Arthur Virgílio afirmou que o PSDB precisa se desvincular completamente do bolsonarismo. A afirmação foi feita durante discurso após sua derrota nas prévias do partido, que teve o governador de São Paulo João Doria como vencedor .

“Precisamos romper qualquer laço do PSDB com o Bolsonarismo. Não tem nada que valha a pena. Não tem circunstância nenhuma que valha a pena”, disse ele, em meio a aplausos.

Virgílio afirmou que “não tinha ilusão” de ganhar as prévias, mas que se sente um vencedor pelo debate causado durante o processo entre ele, João Doria e Eduardo Leite.

“O que eu entendia é que eu precisava conversar com essas pessoas porque os debates foram ótimos para marcarmos a nossa campanha. Fiquei feliz de ver a Amazônia ser mencionada pelo Doria e muitas vezes ser mencionada pelo Eduardo. Começou a compreensão de que uma vitória que eu tive foi nós termos dado um choque de democracia no país”, declarou.

Virgílio ainda discursou em tom de união, dizendo que irá apoiar Doria e que espera que Leite seja sucessor do candidato do PSDB à Presidência da República.

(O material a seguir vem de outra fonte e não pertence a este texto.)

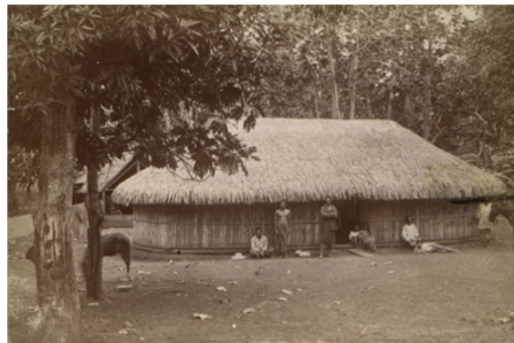
Tahiti : le faré
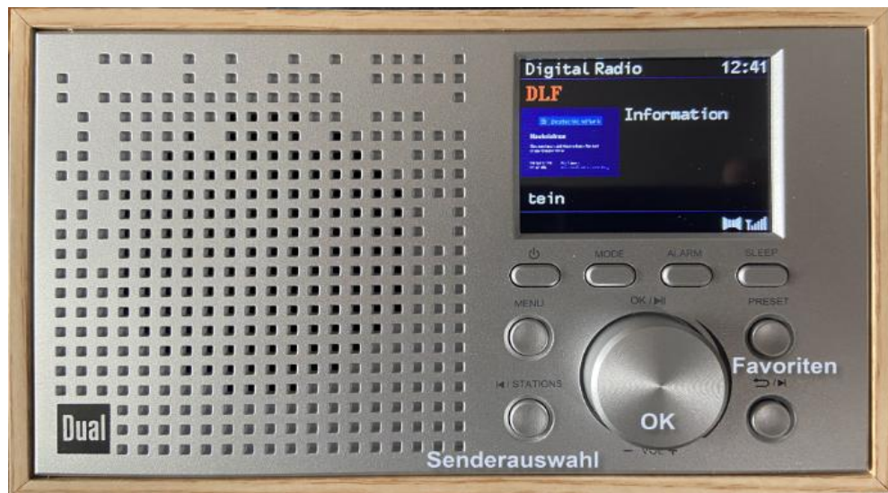
Dual Radio mit DAB+

Zur Senderauswahl drücken Sie auf den Knopf „Stations“ und drehen Sie den großen Knopf in der Mitte bis zur gewünschten Radiostation. Drücken Sie dann den Drehknopf „OK“ leicht nach hinten zur Aktivierung der Auswahl. Die gängigen Sender finden Sie, wenn Sie den Knopf „PRESET“ für die Favoriten drücken. Auch hier muss man die Station mit dem Drehrad anwählen und mit einem Druck auf „OK“ aktivieren.

“A gente vai fazer uma campanha agora de lutar pela unidade, juntar os discursos. Ver o que se aproveita de cada discurso para dar ao João. Eu preguei o respeito à diversidade no campo sexual, o respeito aos negros. Não é possível um país se dizer democrático e não respeitar os negros. Não é possível um país com 53% de mulheres e as mulheres não terem pode político. Temos que entregar o poder político o mais rapidamente possível para as mulheres”, disse.